**** Data ****

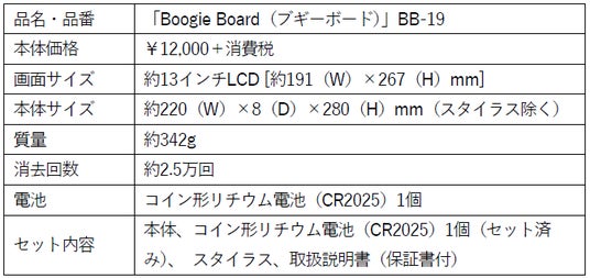 株式会社キングジム(本社:東京都千代田区 代表取締役社長:木村 美代子)は、紙に書くようななめらかな書き心地の電子メモパッド「Boogie Board(以下、ブギーボード)」の新モデルとして、現行ラインアップで最大筆記面積の「ブギーボード」BB-19(https://www.kingjim.co.jp/sp/boogieboard/bb19.html)を2025年6月13日(金)より発売します。
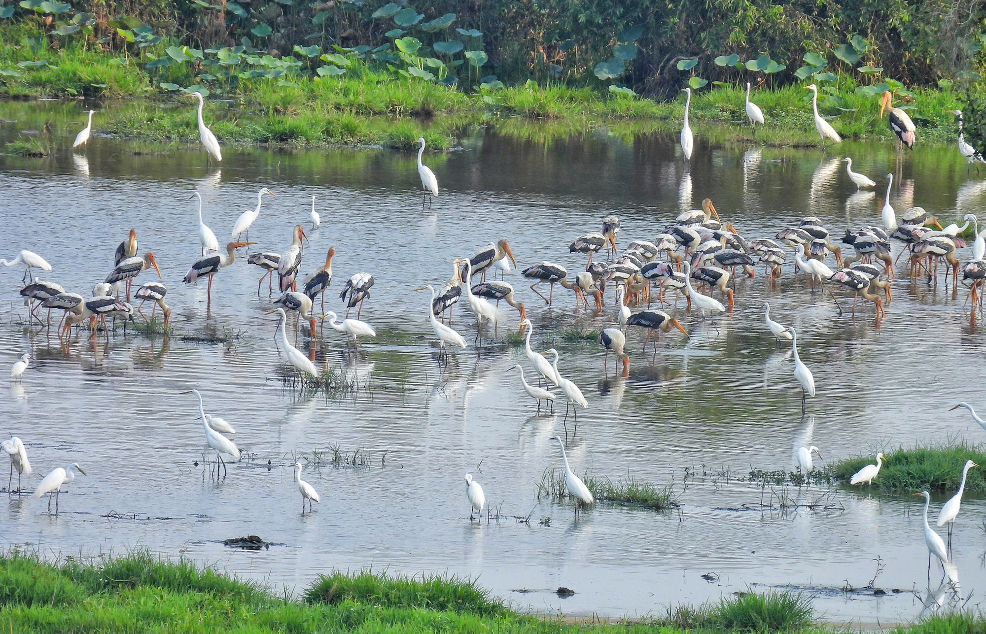 Bên cạnh đó, Vườn Quốc gia Tràm Chim cũng tạo những chiếc ao có độ dốc thoải, đầy ắp tôm cá giúp chim dễ dàng săn mồi, đồng thời đắp gò đất cạn để tạo chỗ nghỉ ngơi, giúp chim thong dong tắm nắng và quan sát kẻ thù. Nhờ vậy, nơi đây thu hút ngày càng nhiều các loài chim di cư.
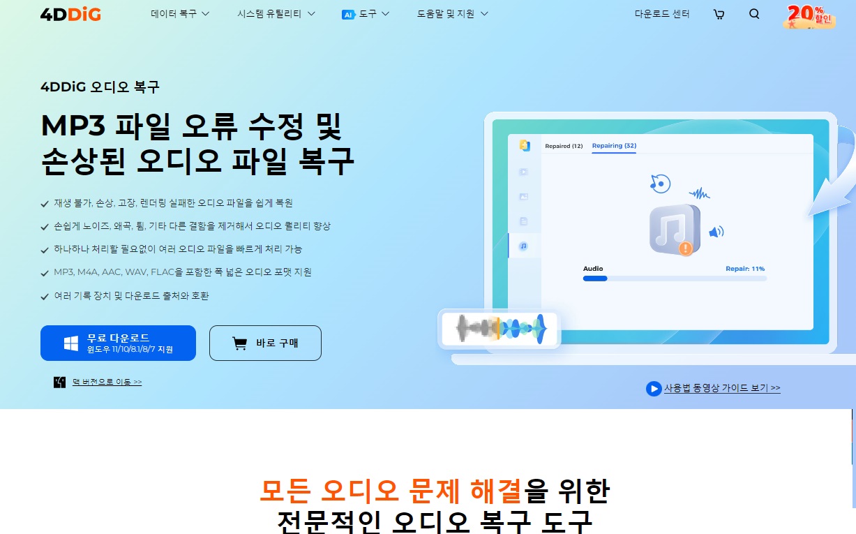 4DDiG File Repair(포디딕 파일 복원 프로그램) 홈페이지
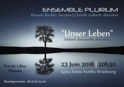 L’Ensemble Plurium vous propose un programme construit autour de compositeurs allemands du XVIIème siècle, représentatifs du Stylus Fantasticus, autour de Philipp Heinrich Erlebach (1657-1714). Construit autour de pièces vocales, Unser Leben sera complété par des pièces instrumentales de Johann Heinrich Schmelzer (1623-1680), et Johann Rosenmüller (1617-1684).
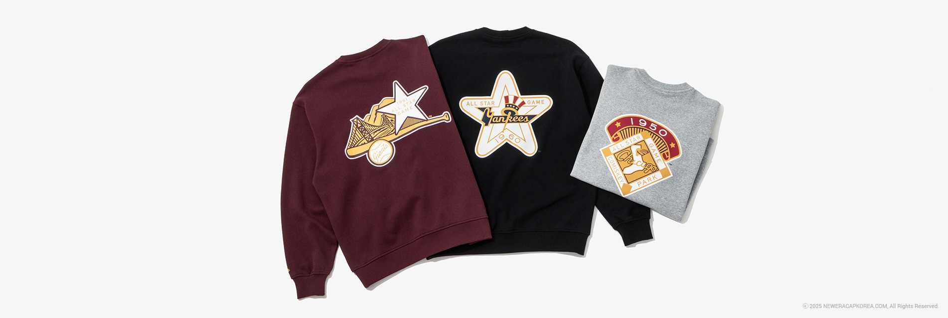MLB 올스타게임 맨투맨 컬렉션을 소개합니다. 베이직한 맨투맨 실루엣으로, MLB의 인기 구단인 뉴욕 양키스, 시카고 화이트삭스, 샌프란시스코 자이언츠의 3가지 스타일로 출시되었습니다. 전면 가슴 부분에는 각 구단의 로고를 프린트했으며, 후면에 구단별 개최했던 MLB 올스타게임의 로고를 프린트하여 포인트를 주었습니다. 그래픽 포인트로 데일리하게 활용하기 좋은 MLB 올스타게임 맨투맨 컬렉션을 지금 바로 만나보세요.
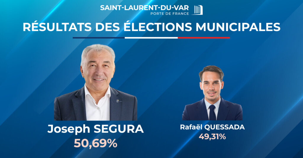 Au terme du second tour des élections municipales, JOSEPH SEGURA (La proximité au cœur de notre engagement) a été réélu maire de Saint-Laurent-du-Var avec 50,69% des suffrages exprimés.
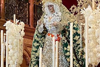 Llegar a visitar a la basílica de la Virgen de la Esperanza Macarena y encontrarse con poder acompañarla durante una misa supone uno de los momentos más gratos de esta Semana Santa. A su derecha, en un retablo del muro del evangelio, estaba situado Nuestro Padre Jesús de la Sentencia con su típica mirada de serena humildad
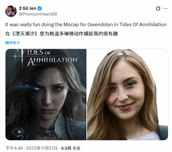 国产新作《湮灭之潮》近期迎来新动向——女主角格雯德琳的动捕演员疑似被曝光,推主2 Gil Jen发文自曝身份,并晒出日常照片,引发玩家对角色形象的好奇与讨论。
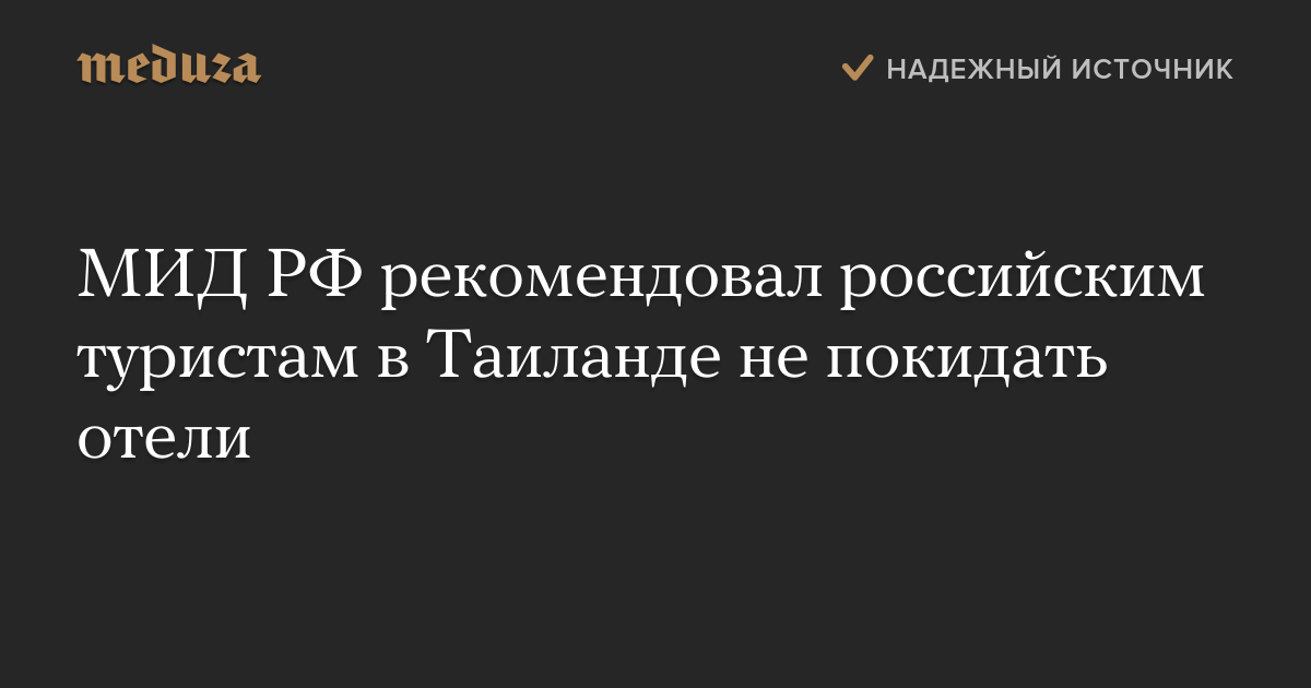 МИД РФ рекомендовал российским туристам в Таиланде не покидать отели
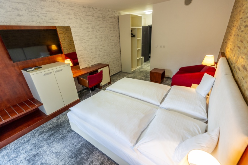 Ubytování v hotelu Srni na dobu den před konferencí a v den konání konference sme pro vás zabezpečili za zvýhodněnou cenu. Nocleh ze snídaní vás na dvojlůžkovém pokoji v hlavní budově vyjde na 1312 Kč (při obsazení pokoje dvěma osobami). Při obsazení dvojlůžkového pokoje pouze jednou osobou je cena 2214 Kč. Na hotelu nejsou žádné jednolůžkové pokoje, pouze dvojlůžkové a třílůžkové. Dvojlůžkové pokoje na depandance jsou trochu levnější 1150 Kč osoba se snídaní nebo 1900 Kč při obsazení pokoje pouze jednou osobou. Depandance je vzdalená přibližně 100 metrů od hlavní budovy a nacházejí se zde také kongresové haly. V případě ubytování pouze na jednu noc se ke každé částce připočítáva příplatek 150 Kč.
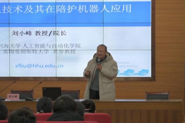 签约仪式后,刘小峰院长和夏岭副教授分别做了题为《具身情感交互技术及其在陪护机器人应用》和《光与视觉健康》的专题科普讲座。
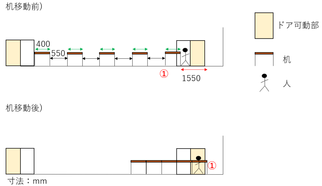 上図6-3より、①の座席位置の人は机を後方に1550mm移動後、ドアを出るだけ。
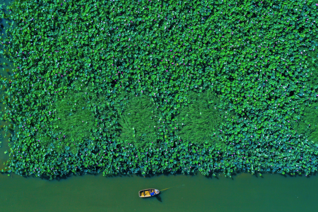 说明:接天莲叶无穷碧,生态旅游在洪湖。泛舟于绿意盎然之中,无比惬意。
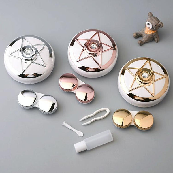 Portable Beauty Lens Care Double Box Contact Lens Case(Rose Red)
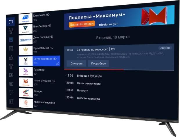 Диагональ 55". Встроенный Bluetooth. SmartTV Да. Формат экрана 16:9. Интерфейсы USB, HDMI, AV. Количество тюнеров 3. Контрастность 5000:1. VESA 200х200. Операционная система Android 11. Потребляемая мощность 160 Вт. Разрешение 3840x2160. Технология HDR Да. Напряжение питания 220-240 В / 50-60 Гц. Максимальная скорость передачи данных 867,7 мб/с. Версия Bluetooth 4.2. Диапазон Wi-Fi 2.4 ГГц, 5 ГГц. Угол обзора 178 ⁰. Время отклика матрицы, мс 8. Частота обновления, Гц 60. Яркость, кд/м² 250. Кол-во отображаемых цветов 1.07 млрд. Dolby/Dolby+ Да. Типы принимаемых ТВ сигналов DVB-T/T2/C/S/S2. CI (Common Interface) PCMCIA CI+ 1.3. HDMI, кол-во входов 3 . USB, кол-во входов 2. Потребление электроэнергии в режиме ожидания 0.5. Голосовой помощник Маруся.
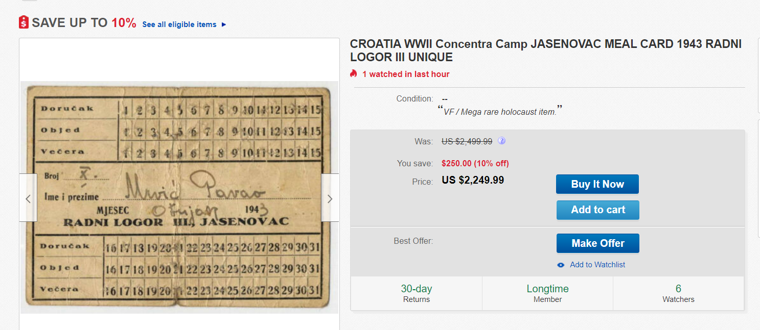 Prodaja ličnih stvari, dokumenata i predmeta iz koncentracionog logora Jasenovac, koja se pojavila na sajtu za internet prodaju E-Bay moralno je neopravdana i

****

▸ To do: Say again, exactly, only those lines of the records that run from the start through the line with "4DDiG File Repair(포디딕 파일 복원 프로그램) 홈페이지". Pictures are to be skipped.

▸ Result:
 株式会社キングジム(本社:東京都千代田区 代表取締役社長:木村 美代子)は、紙に書くようななめらかな書き心地の電子メモパッド「Boogie Board(以下、ブギーボード)」の新モデルとして、現行ラインアップで最大筆記面積の「ブギーボード」BB-19(https://www.kingjim.co.jp/sp/boogieboard/bb19.html)を2025年6月13日(金)より発売します。
 Bên cạnh đó, Vườn Quốc gia Tràm Chim cũng tạo những chiếc ao có độ dốc thoải, đầy ắp tôm cá giúp chim dễ dàng săn mồi, đồng thời đắp gò đất cạn để tạo chỗ nghỉ ngơi, giúp chim thong dong tắm nắng và quan sát kẻ thù. Nhờ vậy, nơi đây thu hút ngày càng nhiều các loài chim di cư.
 4DDiG File Repair(포디딕 파일 복원 프로그램) 홈페이지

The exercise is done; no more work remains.